* [Task details]
A verbatim copy of all the data is required, minus any images.

* [Data below]
*** Block opens ***

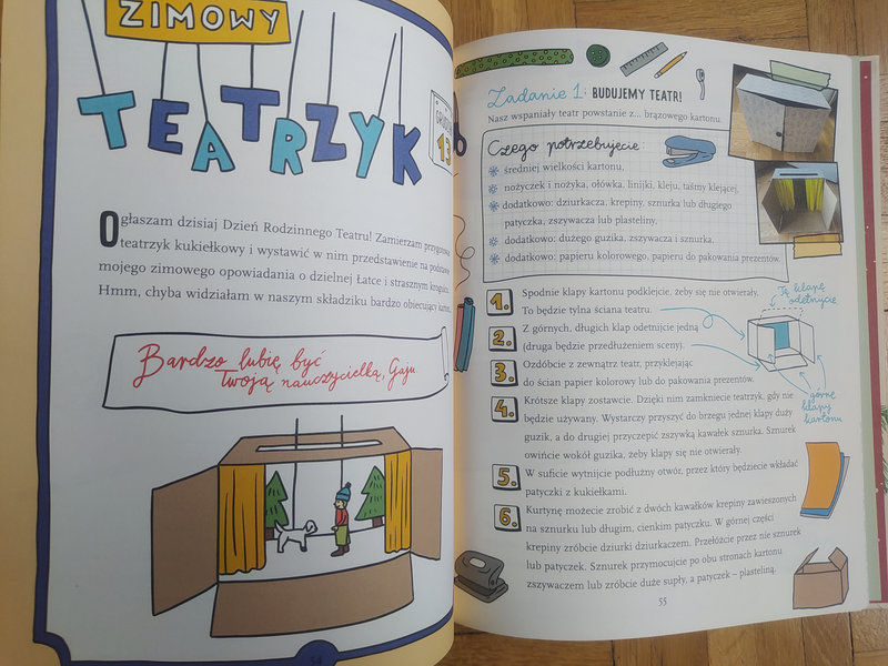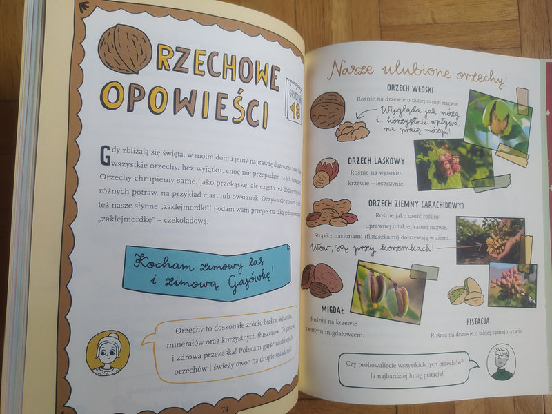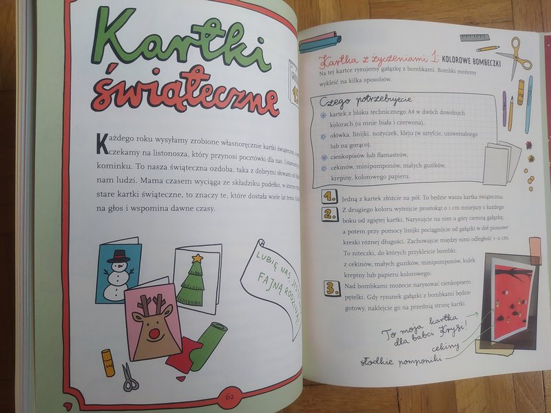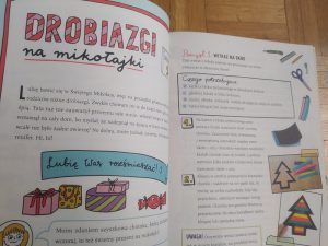 Ilustracje Kasi Piątek dodają uroku publikacji, w której znajdziecie m.in. porady, jak przygotować Słoik Dobrych Myśli, jak napisać zimowe opowiadanie, jak upiec pierniczki, zrobić ozdoby świąteczne z szyszek, patyków i kamyków.
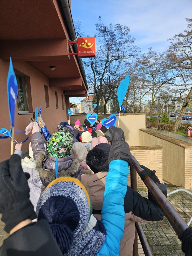 Zwieńczeniem obchodów był Dzień Życzliwości i Pozdrowień, który świętowaliśmy 21.11.25 r. Tego dnia przedszkolaki wyruszyły na spacer po okolicy, rozdając mieszkańcom niebieskie serduszka z dobrym słowem, szerząc uśmiech, życzliwość i przesłanie, że prawa dziecka zaczynają się od szacunku i dobroci w codziennych relacjach.
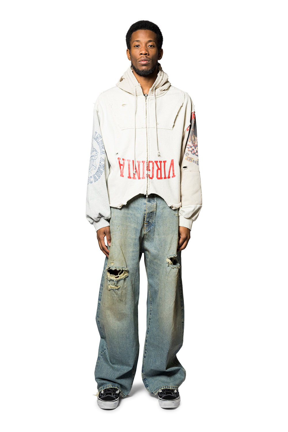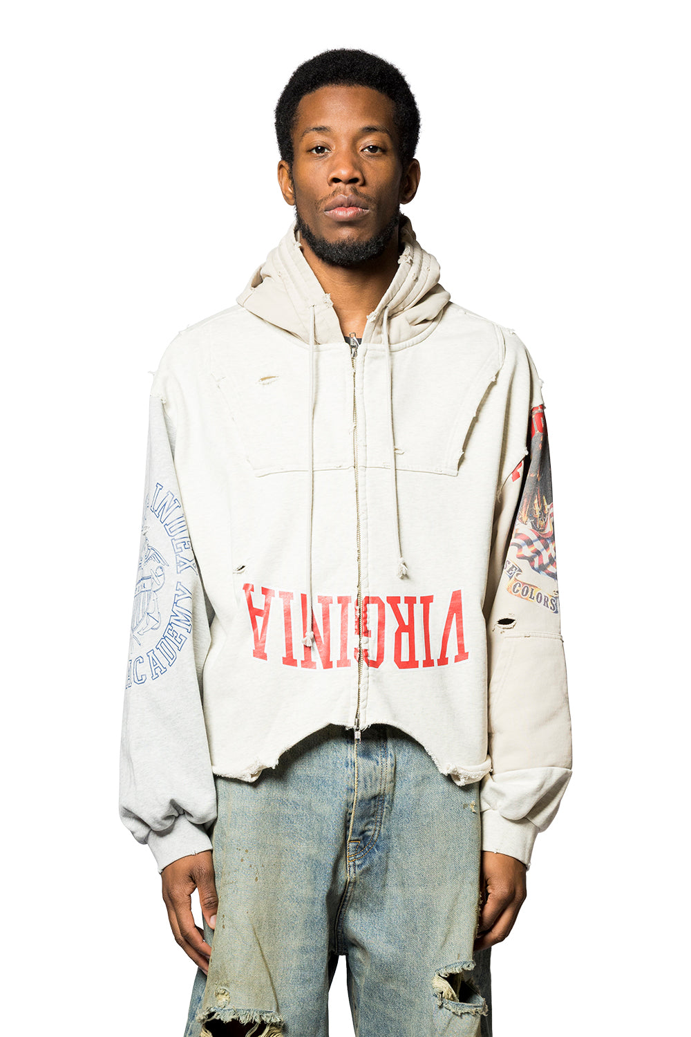 UPSIDE DOWN ZIP HOODIE MULTI IVORY
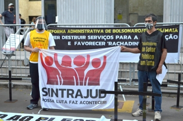 Ao todo, 22 entidades, movimentos sociais e organizações participaram da manifestação organizada nesta quarta-feira pelo Sintrajud em parceria com Fórum dos Trabalhadores do Setor Público no Estado de São Paulo e a Frente Paulista contra a Reforma Administrativa. Respeitando as condições de segurança sanitária, com a presença de alguns representantes de cada uma das instituições convocantes do evento, o ato durou cerca de duas horas.

*** Block closes ***

* [Task result]
 Ilustracje Kasi Piątek dodają uroku publikacji, w której znajdziecie m.in. porady, jak przygotować Słoik Dobrych Myśli, jak napisać zimowe opowiadanie, jak upiec pierniczki, zrobić ozdoby świąteczne z szyszek, patyków i kamyków.
 Zwieńczeniem obchodów był Dzień Życzliwości i Pozdrowień, który świętowaliśmy 21.11.25 r. Tego dnia przedszkolaki wyruszyły na spacer po okolicy, rozdając mieszkańcom niebieskie serduszka z dobrym słowem, szerząc uśmiech, życzliwość i przesłanie, że prawa dziecka zaczynają się od szacunku i dobroci w codziennych relacjach.
 UPSIDE DOWN ZIP HOODIE MULTI IVORY
 Ao todo, 22 entidades, movimentos sociais e organizações participaram da manifestação organizada nesta quarta-feira pelo Sintrajud em parceria com Fórum dos Trabalhadores do Setor Público no Estado de São Paulo e a Frente Paulista contra a Reforma Administrativa. Respeitando as condições de segurança sanitária, com a presença de alguns representantes de cada uma das instituições convocantes do evento, o ato durou cerca de duas horas.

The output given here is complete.